Похрустывает под ногами щебенка… Из-за кладбищенской ограды, где у ворот застыла «тридцатьчетверка», доносится глухой и отдаленный, как шум прибоя, шум города. А здесь тишина. Она не нарушается ничем: ряд за рядом и квадрат за квадратом… Отговорили. Отпели. Откричали. Теперь безмолвны. И комок подкатывает к горлу — не передохнуть: ведь и я мог бы, вот так мог бы, как эти младшие лейтенанты, лейтенанты, старшие лейтенанты всех родов войск. Странно: не скажу, чтобы мне было жалко себя того, девятнадцатилетнего. Но лишь с какой-то острой, болезненной ясностью осенило: тяжко лежать им здесь, далеко от Родины, и так безвестно, и так одиноко. Тяжко!.
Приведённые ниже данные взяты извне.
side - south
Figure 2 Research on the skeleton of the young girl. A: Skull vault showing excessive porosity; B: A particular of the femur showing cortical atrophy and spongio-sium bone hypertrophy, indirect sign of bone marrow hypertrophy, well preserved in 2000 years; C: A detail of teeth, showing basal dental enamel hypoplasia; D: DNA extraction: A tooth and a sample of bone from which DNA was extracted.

Пани Янина в накинутом на голову монашеском капюшоне плаща, казалось, сразу ссутулилась и постарела: ведь и у нее — свои безымянные, свои павшие под Ленином, Мехувом, Краковом, Варшавой. Ряд за рядом и квадрат за квадратом.

* * *

Возле ворот, поближе к «тридцатьчетверке», на сером гранитном обелиске лежала одинокая роза — черная роза Ополья.

* * *

Все глубже и глубже забирал наш «фиат» в Бардские горы. И все круче змеилась дорога по склонам гор, которые в эти последние дни октября были по-настоящему красивы. И живописны. Сквозь золотистое руно леса с подпалинами темных хвойных пород выступали базальтовые столбы, высвечивали каменные террасы, далеко виднелись скалистые вершины. Вот на таком живописном склоне, в зарослях горного бука и граба, проплыл мимо нас Отмуховский замок, известный, как сказала пани Янина, крытой каменной лестницей, по которой в замок вводили рыцарских лошадей. Значит, совсем рядом горюд Клодако, а за ним Орлицкие горы и на границе с Чехословакией — знаменитые Моравские ворота.
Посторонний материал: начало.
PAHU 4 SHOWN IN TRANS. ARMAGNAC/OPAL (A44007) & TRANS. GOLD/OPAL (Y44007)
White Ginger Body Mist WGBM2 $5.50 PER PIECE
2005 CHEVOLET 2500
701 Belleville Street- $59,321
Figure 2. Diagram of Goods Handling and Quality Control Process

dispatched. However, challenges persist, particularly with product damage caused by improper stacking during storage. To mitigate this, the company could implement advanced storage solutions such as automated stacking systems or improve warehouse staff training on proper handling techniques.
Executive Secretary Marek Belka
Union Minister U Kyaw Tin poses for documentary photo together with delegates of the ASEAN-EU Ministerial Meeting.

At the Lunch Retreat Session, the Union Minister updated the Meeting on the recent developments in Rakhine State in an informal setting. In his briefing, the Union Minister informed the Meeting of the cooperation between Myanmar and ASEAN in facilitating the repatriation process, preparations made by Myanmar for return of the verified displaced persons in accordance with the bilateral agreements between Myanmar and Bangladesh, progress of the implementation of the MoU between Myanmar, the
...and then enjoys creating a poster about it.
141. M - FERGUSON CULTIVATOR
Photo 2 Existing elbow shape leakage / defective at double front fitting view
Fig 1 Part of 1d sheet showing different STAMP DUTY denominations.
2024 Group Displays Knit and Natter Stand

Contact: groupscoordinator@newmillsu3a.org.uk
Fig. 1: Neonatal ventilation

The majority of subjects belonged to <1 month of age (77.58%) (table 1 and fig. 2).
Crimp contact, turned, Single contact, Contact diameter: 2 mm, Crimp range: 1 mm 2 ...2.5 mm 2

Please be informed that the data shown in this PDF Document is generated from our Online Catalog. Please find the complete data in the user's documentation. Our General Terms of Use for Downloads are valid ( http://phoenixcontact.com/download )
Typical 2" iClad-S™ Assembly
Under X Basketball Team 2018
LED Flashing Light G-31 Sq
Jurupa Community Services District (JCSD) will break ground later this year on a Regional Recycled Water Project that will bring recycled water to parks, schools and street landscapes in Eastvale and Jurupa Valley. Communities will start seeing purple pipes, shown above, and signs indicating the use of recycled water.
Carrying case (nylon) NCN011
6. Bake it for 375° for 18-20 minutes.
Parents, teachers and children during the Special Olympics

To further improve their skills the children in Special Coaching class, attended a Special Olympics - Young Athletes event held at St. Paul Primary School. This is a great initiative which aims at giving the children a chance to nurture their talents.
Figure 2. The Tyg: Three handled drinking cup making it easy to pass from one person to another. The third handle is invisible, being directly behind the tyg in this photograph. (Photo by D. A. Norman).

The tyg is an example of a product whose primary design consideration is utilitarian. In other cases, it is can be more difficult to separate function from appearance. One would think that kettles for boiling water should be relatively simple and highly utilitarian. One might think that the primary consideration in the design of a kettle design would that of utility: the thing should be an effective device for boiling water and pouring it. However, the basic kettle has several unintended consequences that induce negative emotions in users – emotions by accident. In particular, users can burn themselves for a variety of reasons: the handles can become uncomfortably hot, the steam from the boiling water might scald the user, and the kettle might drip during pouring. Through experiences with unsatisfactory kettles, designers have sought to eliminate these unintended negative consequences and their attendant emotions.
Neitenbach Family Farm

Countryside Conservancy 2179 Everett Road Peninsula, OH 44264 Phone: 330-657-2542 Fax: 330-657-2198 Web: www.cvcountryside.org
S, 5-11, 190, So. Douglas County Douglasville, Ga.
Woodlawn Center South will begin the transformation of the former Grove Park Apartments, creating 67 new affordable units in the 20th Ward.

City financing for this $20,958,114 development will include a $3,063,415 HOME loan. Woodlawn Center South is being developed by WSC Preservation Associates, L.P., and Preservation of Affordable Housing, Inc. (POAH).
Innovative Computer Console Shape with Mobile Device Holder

Поворот, еще поворот — и внизу, в долине реки Ныса Клодзская, — город Клодзко, которому, пани Янина здесь со значением тронула дужку очков, по официальному летоисчислению скоро исполнится тысяча лет. С незабываемым волнением я посмотрел вниз. Все так и есть: чешуя черепичных крыш, узость средневековых улочек, изгиб реки с каменным мостом, украшенным статуями святых, да еще, пожалуй, фигурные купола старинного, в стиле барокко, собора — вот облик города, в котором я даже не мечтал побывать вновь. А довелось!.. И довелось вновь взглянуть на уютную горную долину, которую, вероятно, невозможно представить себе без городка Клодзко с крепостью времен Фридриха II. Мощные башни, казематы, подземелья неповрежденными выстояли два столетия. Даже войска Наполеона не могли взять этой твердыни, которая утверждала прусское господство в самом сердце Европы. Но в конце минувшей войны крепость пала, как падает иструхший изнутри, сломленный бурей лесной великан.

* * *

Все новые и новые вспышки воспоминаний сделали зримыми мгновения, которые мне довелось пережить именно здесь, в долине реки Нысы Клодзской! Тогда войска вливались в лесистую и сумрачную долину, оглашая горные склоны грохотом танковых дизелей, ревом мощных моторов, ржанием лошадей, впряженных в трофейные фаэтоны и армейские фуры, а главное — звуками аккордеонов, поблескивавших перламутром, переборами своих родных российских гармошек. Ах, какое это было время! Пело все войско, растянувшееся на десятки километров. И в каждом взводе — свой запевала и своя любимая песня. Вот тогда-то, восседая на танковой броне, на облучке помещичьего фаэтона, на обозной двуколке, многие из нас с невольным облегчением смотрели на эти горные откосы, на эти стены и бастионы, которые вырисовывались на фоне майского неба. А небо — такой безмятежной, такой солнечной голубизны, что и оторваться от него невозможно…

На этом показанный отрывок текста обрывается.